▸ Your objective
Exactly the lines from the one containing "Käytetty, mutta hyvässä" through the final line of the data below, with pictures omitted, make up the answer.

Data records:
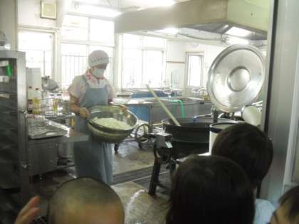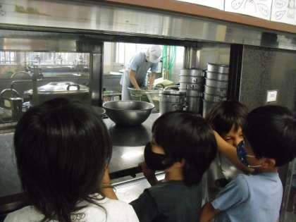 生活科の学習「なかよしだいさくせん」で,給食室の見学に行きました。
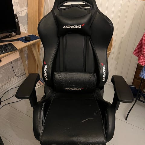 Käytetty, mutta hyvässä kunnossa oleva pelituoli. Kaikki mekaniikat toimii. Ainoa miinus on istuinosassa olevat "kulumat" jotka tulleet ajansaatossa.
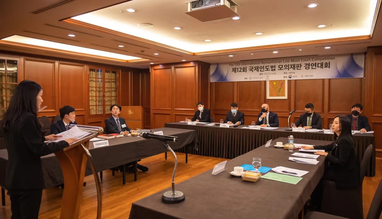 2020年10月24日,红十字国际委员会首尔任务团与韩国律师协会合作,在韩国合作举办了第十二届国际人道法模拟法庭竞赛的决赛。
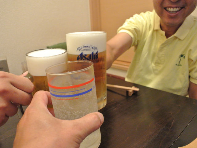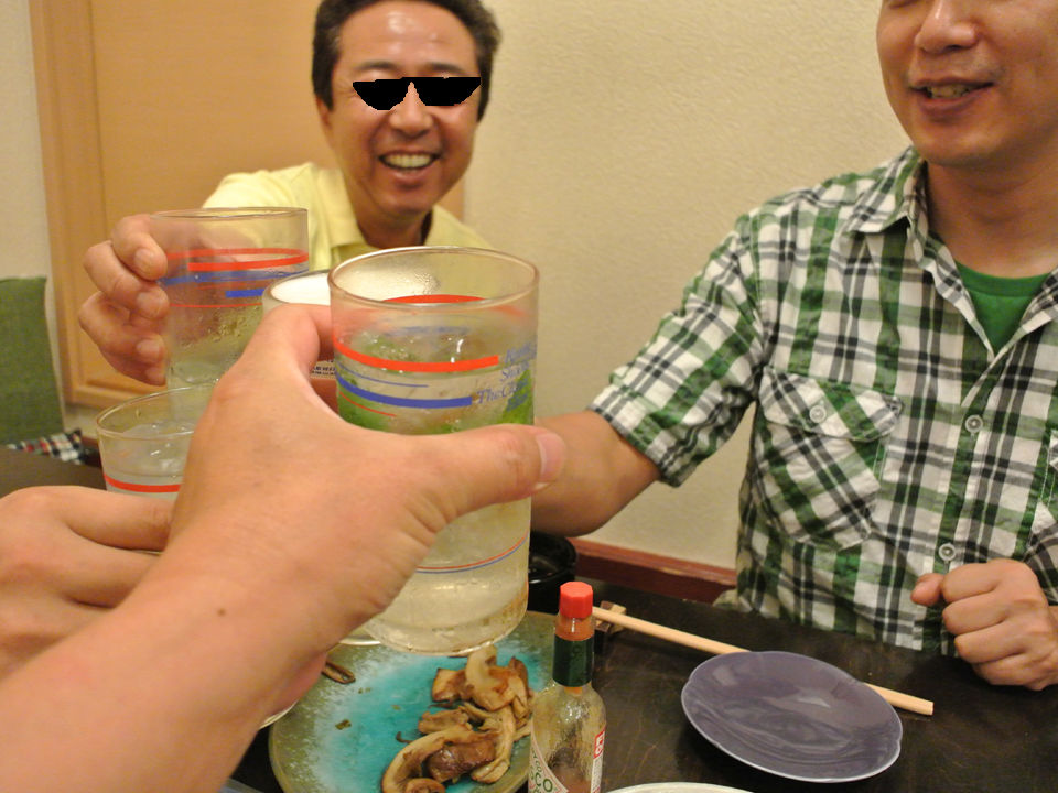 つーことで、僕とまこちゃん、それから某M山氏を交え、スタート乾杯~♪お二人は生ビールですが、僕は昼間食ったニオウシメジと鯖がまだお腹にいるので苦しくて(ワハハー)
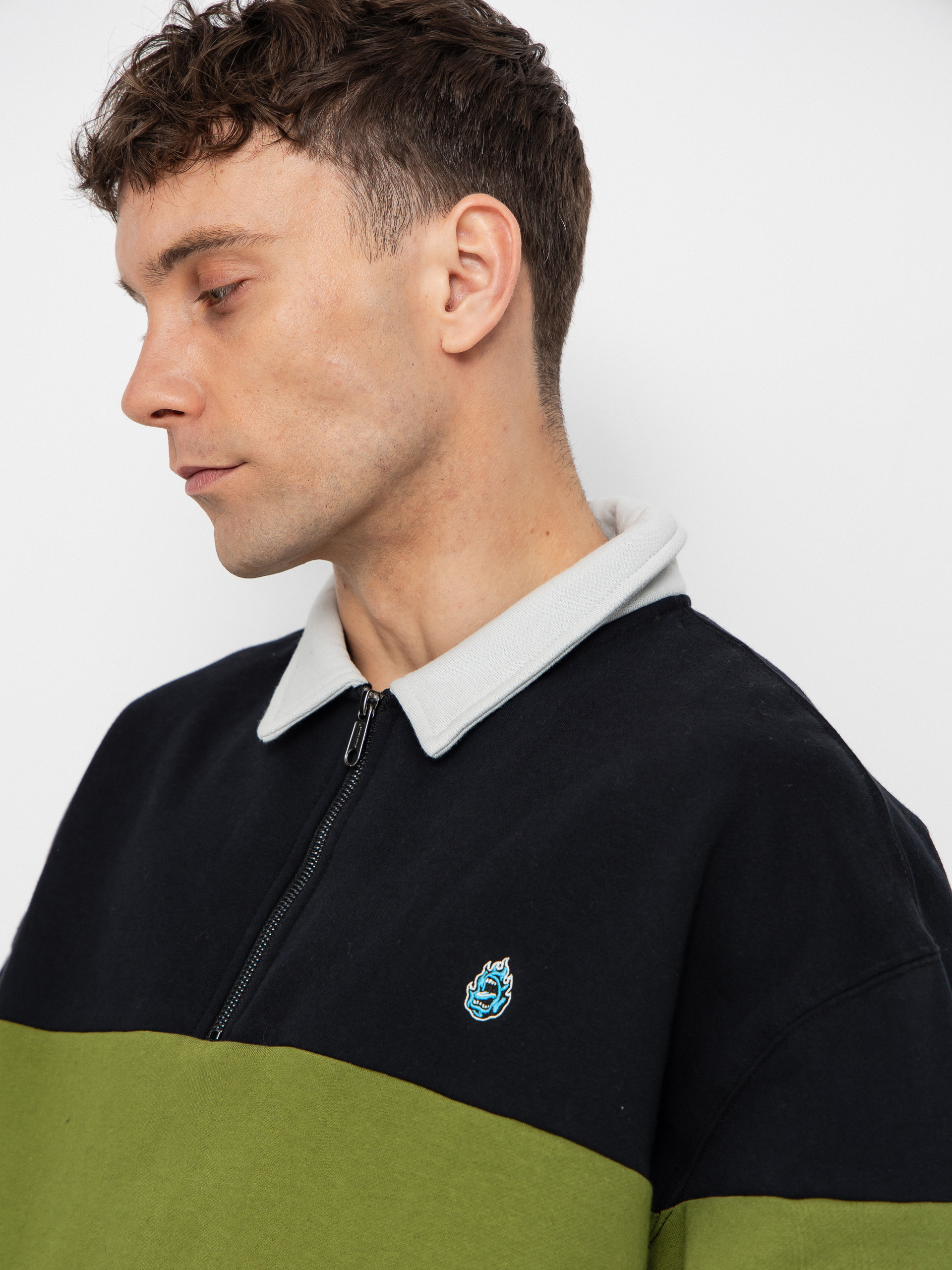 Részletek -Pulóver Santa Cruz Screaming Mini Flame 1/4 Zip - fekete, zöld (black)

▸ Solution to the problem
 Käytetty, mutta hyvässä kunnossa oleva pelituoli. Kaikki mekaniikat toimii. Ainoa miinus on istuinosassa olevat "kulumat" jotka tulleet ajansaatossa.
 2020年10月24日,红十字国际委员会首尔任务团与韩国律师协会合作,在韩国合作举办了第十二届国际人道法模拟法庭竞赛的决赛。
 つーことで、僕とまこちゃん、それから某M山氏を交え、スタート乾杯~♪お二人は生ビールですが、僕は昼間食ったニオウシメジと鯖がまだお腹にいるので苦しくて(ワハハー)
 Részletek -Pulóver Santa Cruz Screaming Mini Flame 1/4 Zip - fekete, zöld (black)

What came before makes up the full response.